Friday, October 12, 2012

This is a beautifully-written, captivating book about a number of mostly poverty-stricken rural characters, some of whom are down on their luck and others of whom are simply bad to the bone.

Set in rural Ohio and West Virginia, the story takes place over a period from the end of World War II until the middle of the 1960s. It weaves together the strands of several different stories, and the characters include a husband and wife team of serial killers who hunt their male "models" along the nation's highways. There are a couple of seriously screwed-up preachers, a totally bent sheriff, a war veteran who spends hours at his "prayer log" sacrificing and pleading with God to save his wife who is dying of cancer, and their son, Arvin, who pulls the various parts of the story together. The supporting cast includes a number of minor, but equally well-drawn characters, all of whom are unforgettable.
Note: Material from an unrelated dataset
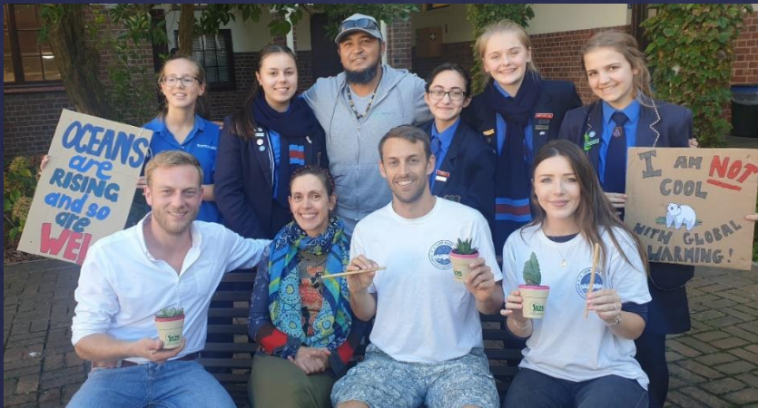
The Earth Children environmental society held an assembly focusing on climate change, and especially the plight of our oceans. Guest speakers from Cape Research and Diver Development and Sea the Bigger Picture addressed the learners, and much was learnt by all. Some of the learners also showed off their climate change posters, created for a global climate change march last term.

Also unforgettable is the setting. Pollock paints a vivid portrait of these small towns and isolated farms where hope and opportunity are totally foreign concepts. To say that these people lead often desperate, hard scrabble lives would be an understatement. Although the book is set in the middle of the Twentieth Century, in some respects many of these people are still living as though it were the beginning of the century.

There is a lot of brutal action in this book, but the story is so well-told that Pollock draws you in from virtually the first line. And even though it's very hard to sympathize with a lot of the characters, you turn the last page with a deep sense of regret that the book has ended. Donald Ray Pollock is also the author of the acclaimed Knockemstiff and he is definitely a writer to look for.